Tanh Penalty in Dictionary Learning

Adam Jermyn, Adly Templeton, Joshua Batson, Trenton Bricken

One challenge in training sparse autoencoders with an L1 penalty is shrinkage. That is, in addition to encouraging sparsity, an L1 penalty encourages the autoencoder activations to be smaller than they would be otherwise. In our experiments, we came to believe that this was at least partly responsible for our sparse autoencoders recovering a smaller fraction of the MLP loss than we might have hoped.

To remedy this, we studied sparse autoencoders trained with a penalty of the form (A/B) \tanh(x B) (following Hurley & Rickard 2008). The intuition for this penalty is that, for marginal cases where a feature is on the edge of activating, it provides the same gradient towards zero activation as an L1 penalty, but for strongly-activating examples it provides no penalty and hence no incentive to shrink the solution.

We found that autoencoders trained with a \tanh penalty were a Pareto improvement in the space of L0 and loss recovered, often by a wide margin. Unfortunately, we found that the features in these autoencoders were much harder to interpret.

Ultimately we tracked this down to these autoencoders having many more high-frequency features than ones trained under an L1 penalty, and the highest-frequency features were considerably higher with \tanh than with L1 (over 10%). Despite significant effort, we were unable to correct this issue. We tried varying both parameters in the \tanh penalty over a wide range as well as several small variations on the autoencoder architecture.

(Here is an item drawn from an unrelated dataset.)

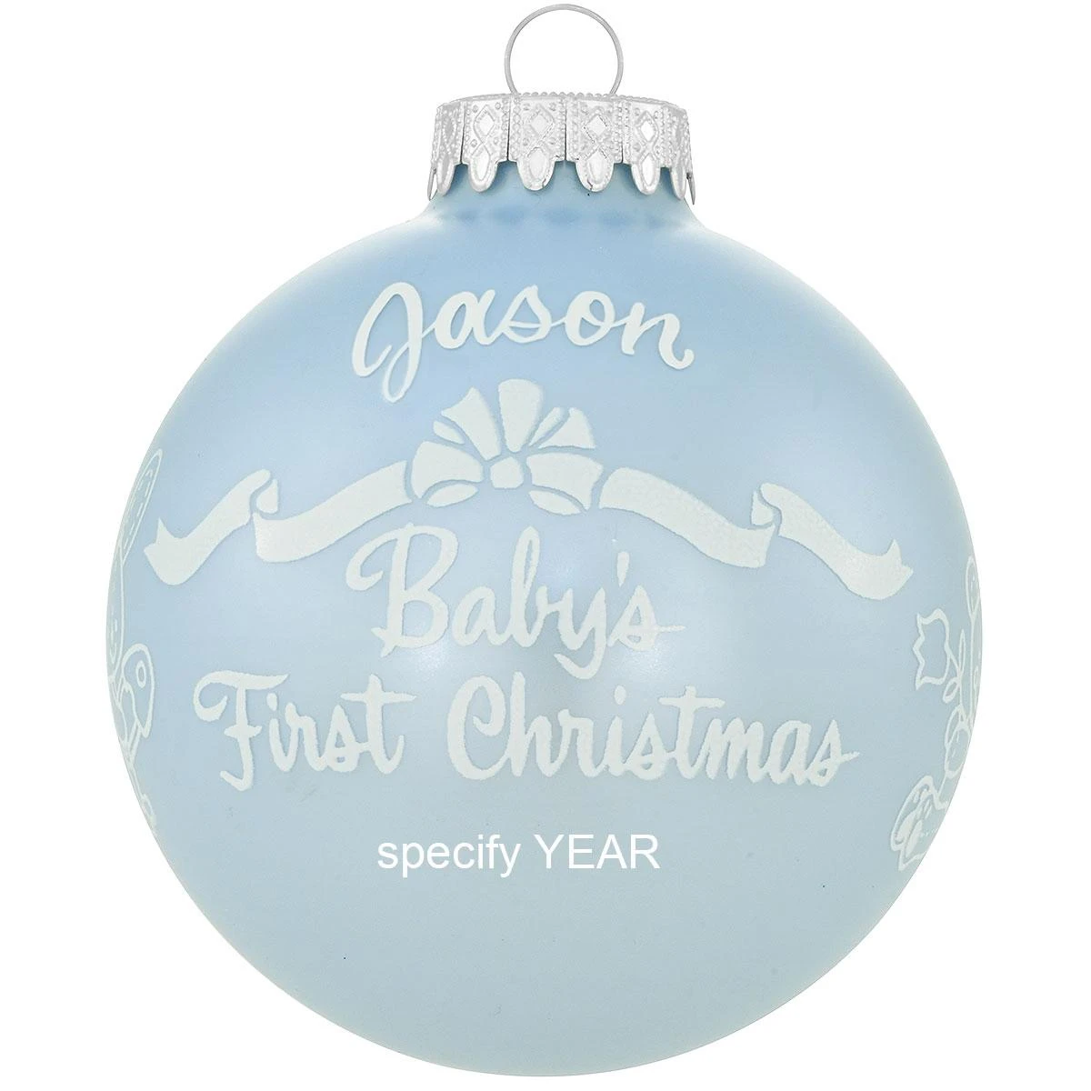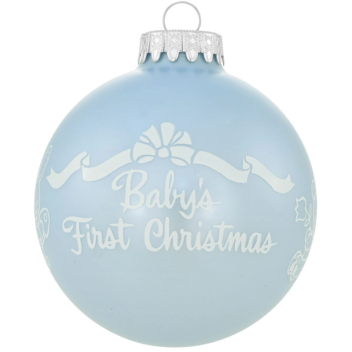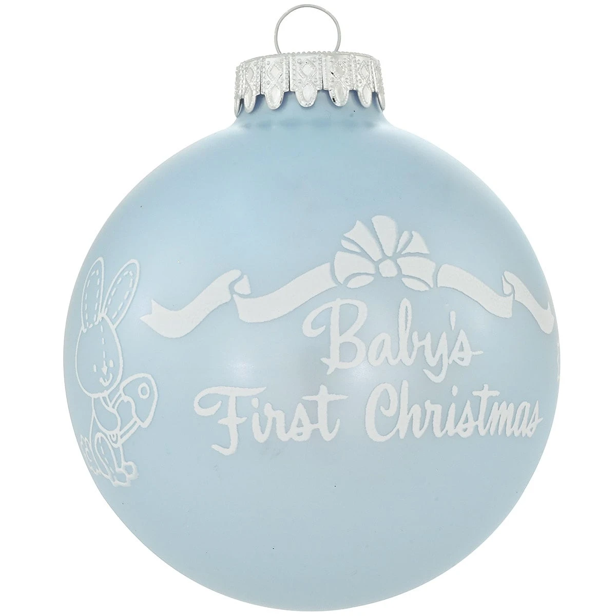 Celebrate the 1st Christmas of the newest member of the family with this special keepsake for the precious baby boy. Crafted exclusively for Bronner’s from glass in Hungary, our 4″ tall ornament features a light blue glossy surface with cute nursery designs in white depicting a bunny, teddy, bear and jack-in-the-box. Adorned with the sentiment Baby’s First Christmas, this unique baby’s first Christmas glossy blue ornament will make an ideal gift to welcome the new little bundle of joy. Allow one of our talented Bronner’s artists to hand-paint a personalized touch with stunning white paint at no additional charge.

We don’t have a solid theoretical understanding of the link between \tanh and high feature densities. One theory is that it is actually important for the functioning of L1 that it penalize features on high-activating examples. However, the simplest version of this theory (that it is just about how much of a gradient the model accumulates towards lower activations) does not fit the evidence: if this were the case, \tanh should eliminate high-density features when we turn up the penalty sufficiently, which we did not see.

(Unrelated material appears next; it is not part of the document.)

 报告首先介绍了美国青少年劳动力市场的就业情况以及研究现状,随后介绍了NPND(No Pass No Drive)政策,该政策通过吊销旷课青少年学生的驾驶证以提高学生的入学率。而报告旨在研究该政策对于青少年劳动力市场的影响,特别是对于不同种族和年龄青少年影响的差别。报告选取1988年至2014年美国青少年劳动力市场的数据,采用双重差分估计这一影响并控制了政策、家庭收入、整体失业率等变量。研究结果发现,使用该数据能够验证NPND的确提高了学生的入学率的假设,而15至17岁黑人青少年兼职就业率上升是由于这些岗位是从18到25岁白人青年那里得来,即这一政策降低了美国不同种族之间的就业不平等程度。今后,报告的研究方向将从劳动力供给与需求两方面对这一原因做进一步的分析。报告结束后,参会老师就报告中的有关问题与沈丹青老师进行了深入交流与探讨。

For now, we have put this direction to one side. It still seems likely that solving the shrinkage problem will be important to achieving high loss recovery rates, and that solution may well look like a modified sparsity penalty, but the specific \tanh approach no longer seems promising.

To that end, we were quite excited to see a recent investigation by Wright & Sharkey suggesting that shrinkage (also known as feature suppression) can be resolved by fine-tuning a subset of the model parameters with no sparsity penalty. This seems like a promising direction, and we would be quite excited to see more work along these lines.